**INSTRUCTIONS TO FOLLOW:** Please transcribe exactly the lines from the line holding "Διπλό μεταλλικό επεκτεινόμενο" through the end of the data below, and skip any pictures.

**DATA:**
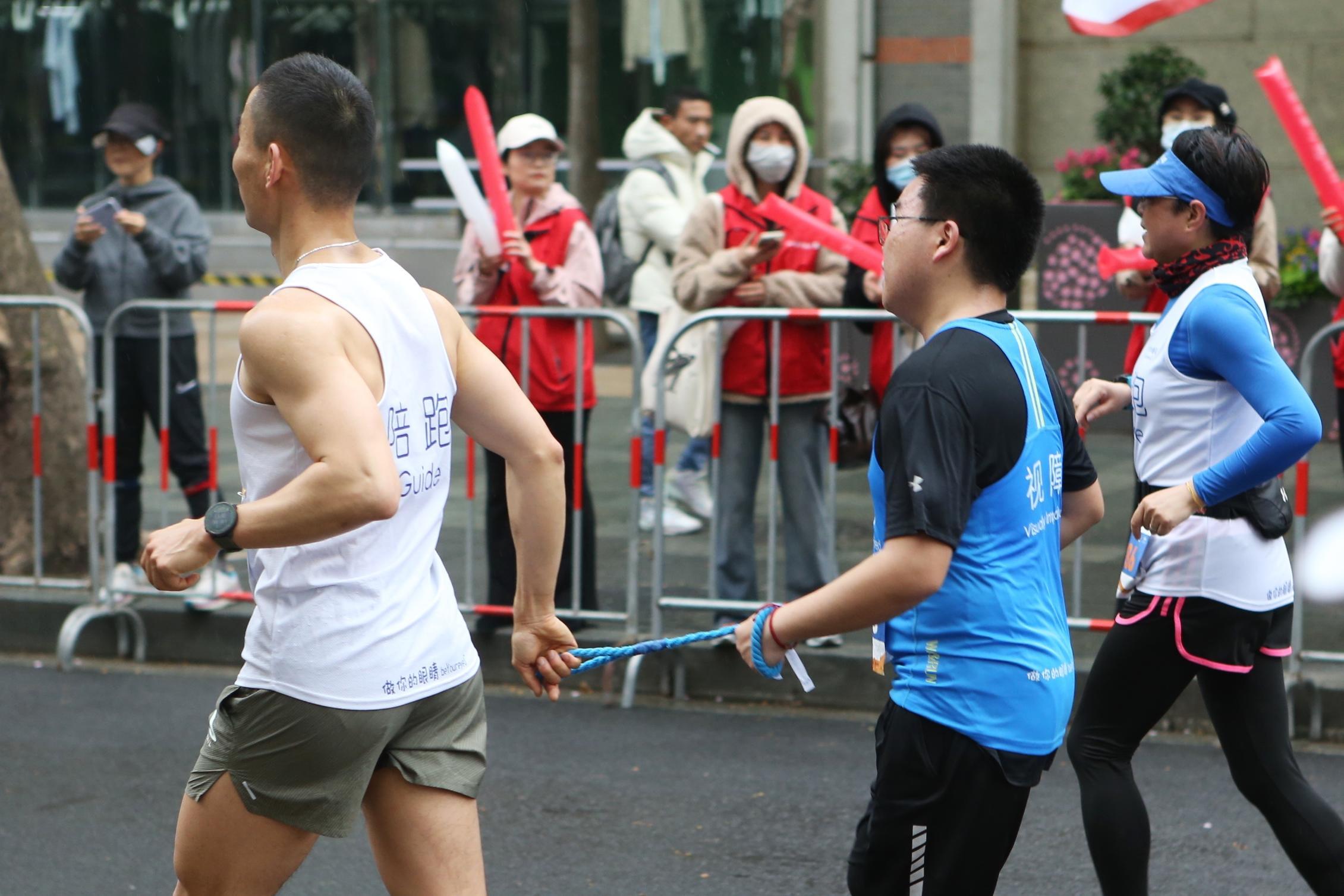 每一次的马拉松赛,都会有视障选手的参与,“黄马”也不例外。陪跑选手用一根带子牵引着,引导前进的方向,人与人之间的真情,在短短一根蓝色带子上得以传递。
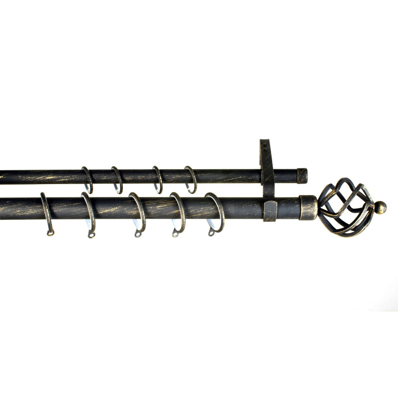 Διπλό μεταλλικό επεκτεινόμενο κουρτινόξυλο "Darling" Φ25/22mm & Φ19/16mm, 140cm-240cm Μαύρο Χρυσό, 1 σετ
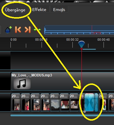 Die Dauer wird über die blaue Maske eingestellt. Diese lässt sich rechts und links verschieben, wenn man mit der Maus an den Rand klickt. Der Übergang kann so verlängert oder verkürzt werden. Möchte man einen anderen Übergang wählen, muss man den zuerst gewählten löschen und kann dann einen anderen auswählen.
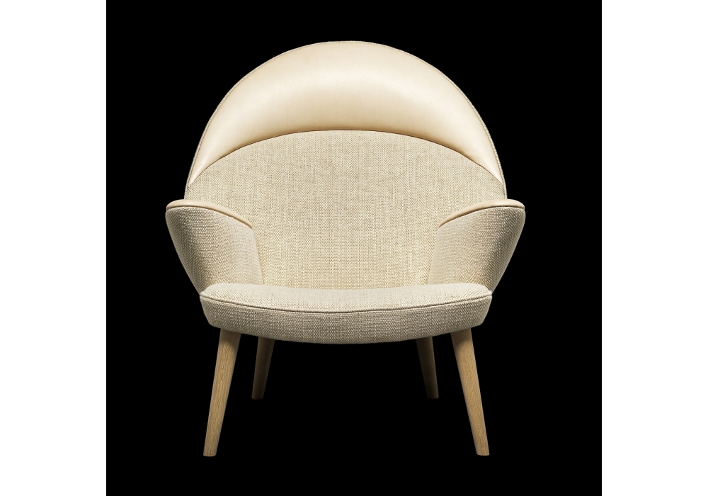 PP521 Upholstered Peacock designed by Hans J. Wegner for PP Møbler is upholstered using only natural materials like flax fibers, cotton, jute straps, palm leaves and horsehair. This is the only way to ensure that this kind of easy chair will be worn in rather than worn out with time. The Upholstered Peacock is, as the name implies, an upholstered interpretation of the pp550 Peacock Chair from 1947, one of Wegner's all time classics and one of his personally most beloved designs. In the Upholstered Peacock Wegner has repeated the arch from the original version and then covered the construction with fabric making a softer chair. The neck and the armrests allow the seated to indulge in the sensible touch of leather, right where it matters the most.

**ANSWER BOX:**
 Διπλό μεταλλικό επεκτεινόμενο κουρτινόξυλο "Darling" Φ25/22mm & Φ19/16mm, 140cm-240cm Μαύρο Χρυσό, 1 σετ
 Die Dauer wird über die blaue Maske eingestellt. Diese lässt sich rechts und links verschieben, wenn man mit der Maus an den Rand klickt. Der Übergang kann so verlängert oder verkürzt werden. Möchte man einen anderen Übergang wählen, muss man den zuerst gewählten löschen und kann dann einen anderen auswählen.
 PP521 Upholstered Peacock designed by Hans J. Wegner for PP Møbler is upholstered using only natural materials like flax fibers, cotton, jute straps, palm leaves and horsehair. This is the only way to ensure that this kind of easy chair will be worn in rather than worn out with time. The Upholstered Peacock is, as the name implies, an upholstered interpretation of the pp550 Peacock Chair from 1947, one of Wegner's all time classics and one of his personally most beloved designs. In the Upholstered Peacock Wegner has repeated the arch from the original version and then covered the construction with fabric making a softer chair. The neck and the armrests allow the seated to indulge in the sensible touch of leather, right where it matters the most.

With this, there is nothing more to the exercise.